His voice was hard and loud. “If she did, Ange, she didn’t want to talk about it, and now she’s sort of beyond the point where she can.”
“And I’m sorry about that,” Angie said. “But I have to have a little more sense of Trevor’s motives to believe he’d want to kill his own daughter.”
“The fuck do I know?” Jay hissed. “Because he’s crazy. He’s whacked and the cancer’s in his brain. I don’t know. But he wanted her dead.” He crumpled an unlit cigarette in his palm. “And now she is. Whether by his hand or not, she’s gone. And he’s going to pay.”
“Jay,” I said softly, “back up. To the beginning. You went on that Grief Release retreat to Nantucket, and then you disappeared. What happened in the interim?”
He kept his glare on Angie for another few seconds, then let it drop. He looked at me.
I raised my eyebrows up and down a couple of times.
He smiled and it was his old smile, his old self for a moment. He looked around the diner, gave one of the nurses a sheepish grin, then looked back at us.
“Gather round, children.” He rubbed crumbs off his hands and leaned back in his chair. “A long time ago, in a galaxy far, far away…”
21
The Grief Release retreat for Level Fives was held in a nine-bedroom Tudor on a bluff overlooking Nantucket Sound. The first day, all Level Fives were encouraged to join in a group “purging” session in which they’d try to shed their layers of negative aura (or “malapsia blood poisoning,” as Grief Release termed it) by talking in depth about themselves and what had led them there.
In the session, Jay, using the David Fischer alias, immediately identified the first “purger” as a fraud. Lila Cahn was in her early thirties and pretty, with the sinewy body of an aerobics junkie. She claimed to have been the girlfriend of a small-time drug runner in a Mexican town called Catize, just south of Guadalajara.
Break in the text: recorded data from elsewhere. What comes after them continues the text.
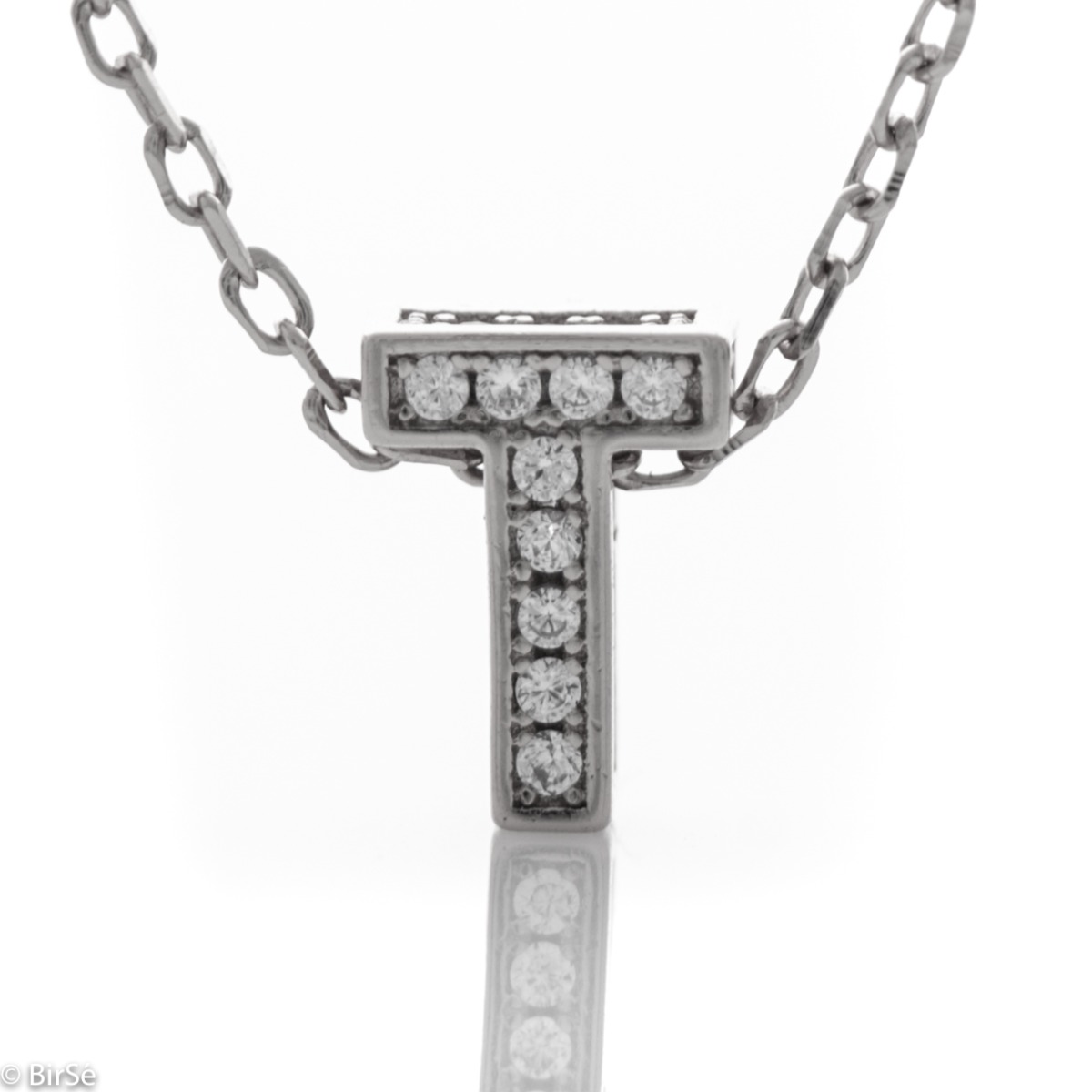 Изтънчена изработка на дамско колие от сребро с буква Т, цялата покрита с бляскави циркони. Атрактивно бижу, в което нежната красота на родираното сребро умело е съчетана с блясъка на цирконите.
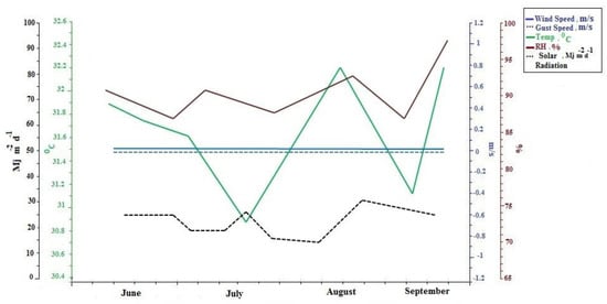 The meteorological data inside the greenhouse effect plant growth. Thus, it is essential to gather such data in order to measure the potential evapotranspiration and crop coefficient. Figure 3 illustrates the meteorological data, including temperature, relative humidity, and solar radiation over the course of the research period. The temperature and relative humidity ranged from 30.9 to 32.2 °C and 88% to 98%, respectively. The peak solar radiation was reached in August.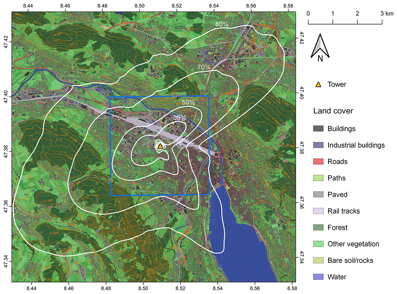 Figure 1Location of measurement site (yellow triangle) over a land cover map of Zurich (Amtliche Vermessung, 2024). Isolines up to the 80 % footprint climatology according to Kljun et al. (2015) are overlaid in white. Note that the footprint is modelled after all quality control filtering and represents only the measurement periods retained for analysis. The blue box centred on the tower shows the 4 × 4 km2 box centred on the tower from which reference inventory molar emission ratios are determined (Sect. 2.4) and covers 67 % of the study period's footprint.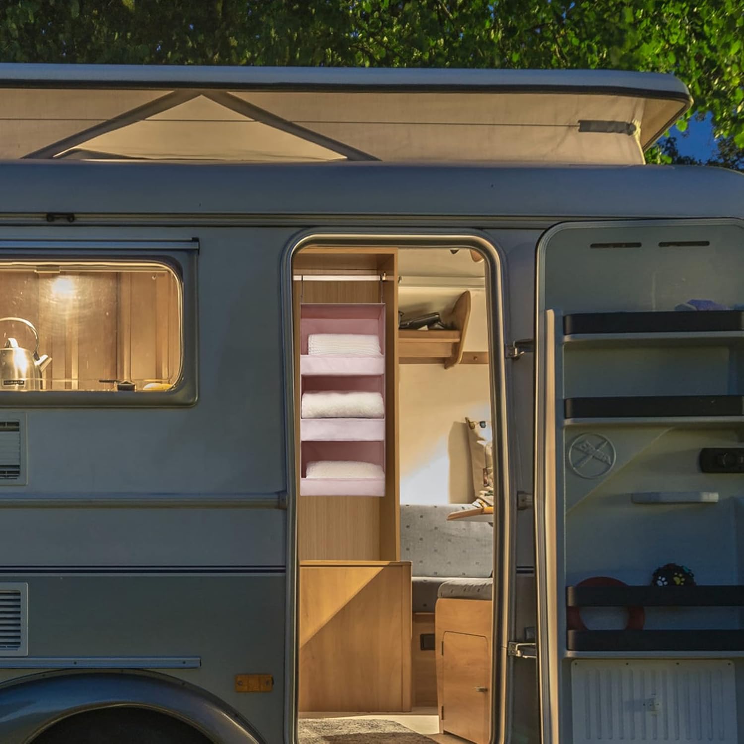 - 3-shelf organizer works great in closets, shelves, wardrobes, RVs, camper trailers for storing towels, T-shirts, socks, accessories, bibs, diapers, baby wipes, etc.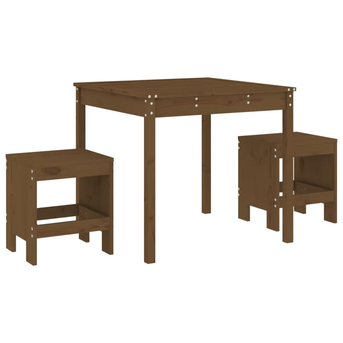 This wooden garden bistro set provides you with a leisurely and comfortable time with your family and friends. Solid pine wood: This bistro set is made of solid pine wood. Solid pine wood is a beautiful natural material. Pine wood has a straight grain, and the knots give the material its signature, rustic look.Sturdy top: The garden table of the outdoor bistro set has a sturdy top, which is perfect for placing your drinks, food and other decorative items.Practical design: These wooden bar stools have no backrest, so you can sit comfortably on either side of the stools and store them under the countertop when not in use.Wide applications: With its minimalist design, the patio bistro set can be integrated into any corner of the garden, patio, balcony, backyard, etc. Good to know:To make sure your outdoor furniture stays beautiful, we recommend protecting it with a waterproof cover.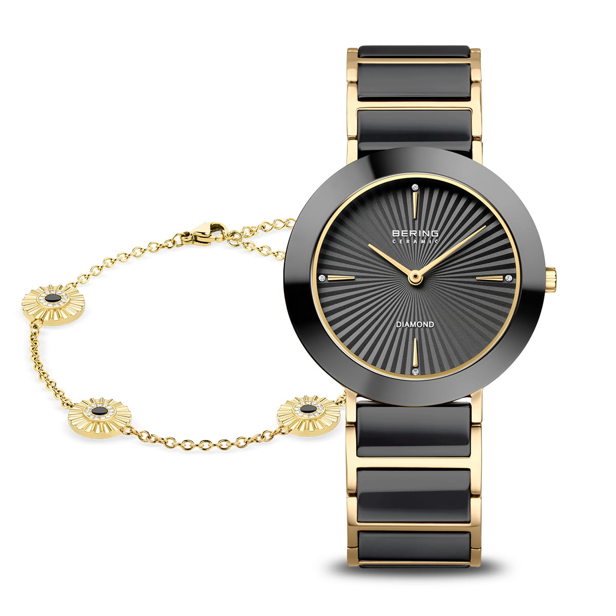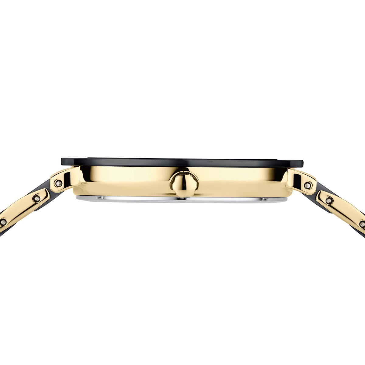 BERING dameuret 11435-732-GWP forener dyb sort, varm guldtone og klarhed i et harmonisk design. Det runde urhus i poleret sort high-tech keramik er smukt indrammet af guldfarvet rustfrit stål – en kontrast, der er både moderne og tidløs.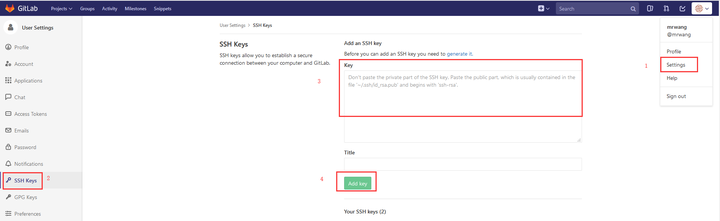 3. 然后在gitlab上绑定自己刚刚生成的公钥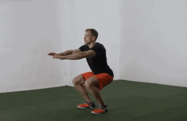 动作要点:臀部向后下蹲,挺直腰背。保证膝关节和脚尖处于同一方向,不要过度内扣或外旋膝盖,尽量蹲深,蹲到大腿平行地面或平行地面以下,吐气蹲、吸气起。深蹲有益于肌肉量增长,提高代谢,增加减脂效果。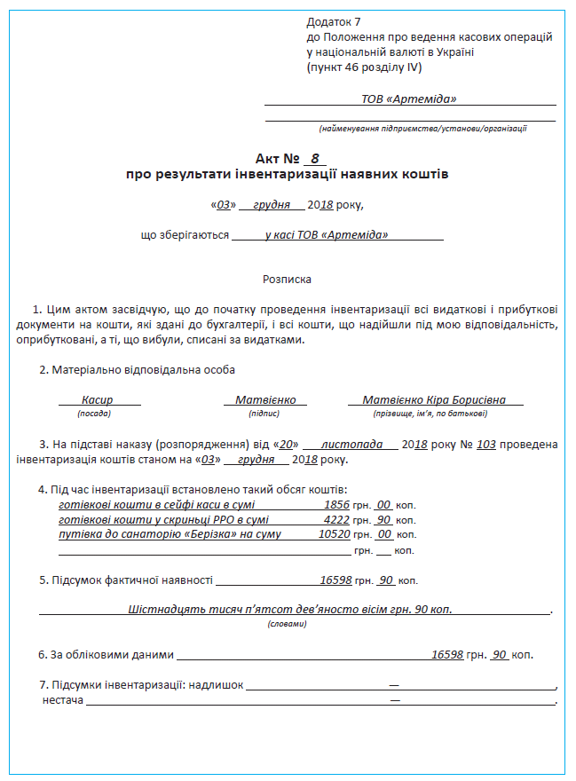 В Акті зазначають дані про фактичний залишок грошових коштів та інших цінностей у касі підприємства, а також їх залишок за даними бухгалтерського обліку і визначають результат інвентаризації.

Her boyfriend had ripped off the local consortium of drug lords, who had taken their revenge by kidnapping Lila and her boyfriend off the street in broad daylight. They were dragged by a gang of five men to the basement of a bodega, where her boyfriend was shot once in the back of the head. The five men then raped Lila for six hours, an experience she described in vivid detail to the group. She was allowed to live to serve as a warning to any other gringas who might think of coming to Catize and getting mixed up with the wrong element.